▸ HOW TO COMPLETE THIS TASK: Set the entries below down again, please. Match them exactly.

Recorded data:
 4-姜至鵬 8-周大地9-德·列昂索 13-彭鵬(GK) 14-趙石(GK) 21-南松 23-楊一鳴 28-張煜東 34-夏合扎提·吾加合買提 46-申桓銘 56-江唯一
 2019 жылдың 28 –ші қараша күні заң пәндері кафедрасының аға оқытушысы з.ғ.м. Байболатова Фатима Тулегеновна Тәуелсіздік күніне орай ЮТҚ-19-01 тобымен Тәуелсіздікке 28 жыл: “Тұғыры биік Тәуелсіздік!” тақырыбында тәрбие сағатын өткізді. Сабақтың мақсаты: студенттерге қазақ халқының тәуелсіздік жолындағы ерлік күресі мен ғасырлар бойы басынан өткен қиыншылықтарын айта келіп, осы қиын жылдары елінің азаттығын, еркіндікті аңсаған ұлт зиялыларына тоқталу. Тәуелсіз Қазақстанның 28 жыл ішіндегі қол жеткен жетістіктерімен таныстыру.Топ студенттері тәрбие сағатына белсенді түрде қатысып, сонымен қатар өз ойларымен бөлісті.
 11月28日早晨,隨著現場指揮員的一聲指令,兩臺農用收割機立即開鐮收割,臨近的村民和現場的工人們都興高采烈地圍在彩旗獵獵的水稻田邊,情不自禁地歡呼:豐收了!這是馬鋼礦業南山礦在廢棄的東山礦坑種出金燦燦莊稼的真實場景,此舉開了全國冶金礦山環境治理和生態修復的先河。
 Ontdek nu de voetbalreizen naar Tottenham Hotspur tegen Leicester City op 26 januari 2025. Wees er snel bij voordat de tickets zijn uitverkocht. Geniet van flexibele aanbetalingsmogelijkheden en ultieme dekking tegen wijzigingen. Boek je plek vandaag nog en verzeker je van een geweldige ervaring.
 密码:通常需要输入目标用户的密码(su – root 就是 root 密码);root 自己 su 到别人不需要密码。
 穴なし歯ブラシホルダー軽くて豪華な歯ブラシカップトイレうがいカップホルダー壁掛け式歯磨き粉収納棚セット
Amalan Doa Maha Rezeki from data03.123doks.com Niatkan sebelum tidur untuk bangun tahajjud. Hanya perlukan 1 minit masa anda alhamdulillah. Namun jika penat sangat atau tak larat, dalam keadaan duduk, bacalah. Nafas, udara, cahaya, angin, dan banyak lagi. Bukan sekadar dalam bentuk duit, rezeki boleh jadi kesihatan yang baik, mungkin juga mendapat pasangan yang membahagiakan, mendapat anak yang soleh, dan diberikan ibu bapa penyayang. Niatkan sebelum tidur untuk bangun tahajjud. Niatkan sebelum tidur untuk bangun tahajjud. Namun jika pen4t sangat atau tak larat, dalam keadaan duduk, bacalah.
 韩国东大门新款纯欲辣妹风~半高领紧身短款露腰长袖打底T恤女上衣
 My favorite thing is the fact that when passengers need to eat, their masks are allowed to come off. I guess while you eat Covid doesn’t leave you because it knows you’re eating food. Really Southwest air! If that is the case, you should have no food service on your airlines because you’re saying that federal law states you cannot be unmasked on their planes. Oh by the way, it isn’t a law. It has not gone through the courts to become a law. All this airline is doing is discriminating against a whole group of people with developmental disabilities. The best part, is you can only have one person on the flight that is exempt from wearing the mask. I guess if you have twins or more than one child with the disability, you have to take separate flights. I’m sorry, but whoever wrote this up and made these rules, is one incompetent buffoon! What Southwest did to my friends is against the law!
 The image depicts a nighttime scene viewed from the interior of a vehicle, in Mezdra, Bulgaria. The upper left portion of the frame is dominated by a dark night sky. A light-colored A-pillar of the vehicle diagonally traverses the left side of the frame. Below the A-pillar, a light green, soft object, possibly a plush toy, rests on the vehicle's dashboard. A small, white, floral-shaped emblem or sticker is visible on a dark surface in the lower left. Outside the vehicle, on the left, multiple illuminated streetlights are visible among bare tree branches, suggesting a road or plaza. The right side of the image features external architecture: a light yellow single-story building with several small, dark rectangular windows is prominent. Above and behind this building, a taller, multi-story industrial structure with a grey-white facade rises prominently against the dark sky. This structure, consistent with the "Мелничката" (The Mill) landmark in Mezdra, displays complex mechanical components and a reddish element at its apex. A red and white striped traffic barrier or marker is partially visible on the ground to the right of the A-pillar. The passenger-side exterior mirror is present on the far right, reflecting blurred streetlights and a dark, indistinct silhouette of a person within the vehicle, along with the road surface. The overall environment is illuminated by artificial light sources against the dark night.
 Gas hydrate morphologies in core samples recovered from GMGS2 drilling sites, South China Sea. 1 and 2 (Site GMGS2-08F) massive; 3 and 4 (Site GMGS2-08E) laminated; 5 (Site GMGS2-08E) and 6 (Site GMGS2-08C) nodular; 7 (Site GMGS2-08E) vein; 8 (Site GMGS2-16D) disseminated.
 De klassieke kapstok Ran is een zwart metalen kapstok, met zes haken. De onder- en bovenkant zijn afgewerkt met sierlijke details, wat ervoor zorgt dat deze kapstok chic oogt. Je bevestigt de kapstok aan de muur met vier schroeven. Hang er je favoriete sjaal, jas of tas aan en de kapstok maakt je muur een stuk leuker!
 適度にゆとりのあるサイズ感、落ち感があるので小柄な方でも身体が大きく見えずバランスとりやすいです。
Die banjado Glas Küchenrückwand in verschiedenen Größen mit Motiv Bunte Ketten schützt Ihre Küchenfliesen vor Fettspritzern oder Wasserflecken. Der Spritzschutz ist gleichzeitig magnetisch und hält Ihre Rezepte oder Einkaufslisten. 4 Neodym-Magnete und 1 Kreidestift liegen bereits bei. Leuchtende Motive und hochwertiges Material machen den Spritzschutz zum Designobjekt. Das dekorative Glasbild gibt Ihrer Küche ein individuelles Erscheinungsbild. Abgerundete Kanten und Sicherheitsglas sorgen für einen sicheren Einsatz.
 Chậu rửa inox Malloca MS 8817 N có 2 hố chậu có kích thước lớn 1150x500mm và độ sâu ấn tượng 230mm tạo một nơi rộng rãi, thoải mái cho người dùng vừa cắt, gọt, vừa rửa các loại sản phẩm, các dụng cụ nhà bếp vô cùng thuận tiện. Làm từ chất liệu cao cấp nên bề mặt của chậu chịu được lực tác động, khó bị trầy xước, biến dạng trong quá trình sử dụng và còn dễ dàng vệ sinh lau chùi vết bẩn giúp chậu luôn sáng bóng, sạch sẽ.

▸ THE ANSWER:
 4-姜至鵬 8-周大地9-德·列昂索 13-彭鵬(GK) 14-趙石(GK) 21-南松 23-楊一鳴 28-張煜東 34-夏合扎提·吾加合買提 46-申桓銘 56-江唯一
 2019 жылдың 28 –ші қараша күні заң пәндері кафедрасының аға оқытушысы з.ғ.м. Байболатова Фатима Тулегеновна Тәуелсіздік күніне орай ЮТҚ-19-01 тобымен Тәуелсіздікке 28 жыл: “Тұғыры биік Тәуелсіздік!” тақырыбында тәрбие сағатын өткізді. Сабақтың мақсаты: студенттерге қазақ халқының тәуелсіздік жолындағы ерлік күресі мен ғасырлар бойы басынан өткен қиыншылықтарын айта келіп, осы қиын жылдары елінің азаттығын, еркіндікті аңсаған ұлт зиялыларына тоқталу. Тәуелсіз Қазақстанның 28 жыл ішіндегі қол жеткен жетістіктерімен таныстыру.Топ студенттері тәрбие сағатына белсенді түрде қатысып, сонымен қатар өз ойларымен бөлісті.
 11月28日早晨,隨著現場指揮員的一聲指令,兩臺農用收割機立即開鐮收割,臨近的村民和現場的工人們都興高采烈地圍在彩旗獵獵的水稻田邊,情不自禁地歡呼:豐收了!這是馬鋼礦業南山礦在廢棄的東山礦坑種出金燦燦莊稼的真實場景,此舉開了全國冶金礦山環境治理和生態修復的先河。
 Ontdek nu de voetbalreizen naar Tottenham Hotspur tegen Leicester City op 26 januari 2025. Wees er snel bij voordat de tickets zijn uitverkocht. Geniet van flexibele aanbetalingsmogelijkheden en ultieme dekking tegen wijzigingen. Boek je plek vandaag nog en verzeker je van een geweldige ervaring.
 密码:通常需要输入目标用户的密码(su – root 就是 root 密码);root 自己 su 到别人不需要密码。
 穴なし歯ブラシホルダー軽くて豪華な歯ブラシカップトイレうがいカップホルダー壁掛け式歯磨き粉収納棚セット
Amalan Doa Maha Rezeki from data03.123doks.com Niatkan sebelum tidur untuk bangun tahajjud. Hanya perlukan 1 minit masa anda alhamdulillah. Namun jika penat sangat atau tak larat, dalam keadaan duduk, bacalah. Nafas, udara, cahaya, angin, dan banyak lagi. Bukan sekadar dalam bentuk duit, rezeki boleh jadi kesihatan yang baik, mungkin juga mendapat pasangan yang membahagiakan, mendapat anak yang soleh, dan diberikan ibu bapa penyayang. Niatkan sebelum tidur untuk bangun tahajjud. Niatkan sebelum tidur untuk bangun tahajjud. Namun jika pen4t sangat atau tak larat, dalam keadaan duduk, bacalah.
 韩国东大门新款纯欲辣妹风~半高领紧身短款露腰长袖打底T恤女上衣
 My favorite thing is the fact that when passengers need to eat, their masks are allowed to come off. I guess while you eat Covid doesn’t leave you because it knows you’re eating food. Really Southwest air! If that is the case, you should have no food service on your airlines because you’re saying that federal law states you cannot be unmasked on their planes. Oh by the way, it isn’t a law. It has not gone through the courts to become a law. All this airline is doing is discriminating against a whole group of people with developmental disabilities. The best part, is you can only have one person on the flight that is exempt from wearing the mask. I guess if you have twins or more than one child with the disability, you have to take separate flights. I’m sorry, but whoever wrote this up and made these rules, is one incompetent buffoon! What Southwest did to my friends is against the law!
 The image depicts a nighttime scene viewed from the interior of a vehicle, in Mezdra, Bulgaria. The upper left portion of the frame is dominated by a dark night sky. A light-colored A-pillar of the vehicle diagonally traverses the left side of the frame. Below the A-pillar, a light green, soft object, possibly a plush toy, rests on the vehicle's dashboard. A small, white, floral-shaped emblem or sticker is visible on a dark surface in the lower left. Outside the vehicle, on the left, multiple illuminated streetlights are visible among bare tree branches, suggesting a road or plaza. The right side of the image features external architecture: a light yellow single-story building with several small, dark rectangular windows is prominent. Above and behind this building, a taller, multi-story industrial structure with a grey-white facade rises prominently against the dark sky. This structure, consistent with the "Мелничката" (The Mill) landmark in Mezdra, displays complex mechanical components and a reddish element at its apex. A red and white striped traffic barrier or marker is partially visible on the ground to the right of the A-pillar. The passenger-side exterior mirror is present on the far right, reflecting blurred streetlights and a dark, indistinct silhouette of a person within the vehicle, along with the road surface. The overall environment is illuminated by artificial light sources against the dark night.
 Gas hydrate morphologies in core samples recovered from GMGS2 drilling sites, South China Sea. 1 and 2 (Site GMGS2-08F) massive; 3 and 4 (Site GMGS2-08E) laminated; 5 (Site GMGS2-08E) and 6 (Site GMGS2-08C) nodular; 7 (Site GMGS2-08E) vein; 8 (Site GMGS2-16D) disseminated.
 De klassieke kapstok Ran is een zwart metalen kapstok, met zes haken. De onder- en bovenkant zijn afgewerkt met sierlijke details, wat ervoor zorgt dat deze kapstok chic oogt. Je bevestigt de kapstok aan de muur met vier schroeven. Hang er je favoriete sjaal, jas of tas aan en de kapstok maakt je muur een stuk leuker!
 適度にゆとりのあるサイズ感、落ち感があるので小柄な方でも身体が大きく見えずバランスとりやすいです。
Die banjado Glas Küchenrückwand in verschiedenen Größen mit Motiv Bunte Ketten schützt Ihre Küchenfliesen vor Fettspritzern oder Wasserflecken. Der Spritzschutz ist gleichzeitig magnetisch und hält Ihre Rezepte oder Einkaufslisten. 4 Neodym-Magnete und 1 Kreidestift liegen bereits bei. Leuchtende Motive und hochwertiges Material machen den Spritzschutz zum Designobjekt. Das dekorative Glasbild gibt Ihrer Küche ein individuelles Erscheinungsbild. Abgerundete Kanten und Sicherheitsglas sorgen für einen sicheren Einsatz.
 Chậu rửa inox Malloca MS 8817 N có 2 hố chậu có kích thước lớn 1150x500mm và độ sâu ấn tượng 230mm tạo một nơi rộng rãi, thoải mái cho người dùng vừa cắt, gọt, vừa rửa các loại sản phẩm, các dụng cụ nhà bếp vô cùng thuận tiện. Làm từ chất liệu cao cấp nên bề mặt của chậu chịu được lực tác động, khó bị trầy xước, biến dạng trong quá trình sử dụng và còn dễ dàng vệ sinh lau chùi vết bẩn giúp chậu luôn sáng bóng, sạch sẽ.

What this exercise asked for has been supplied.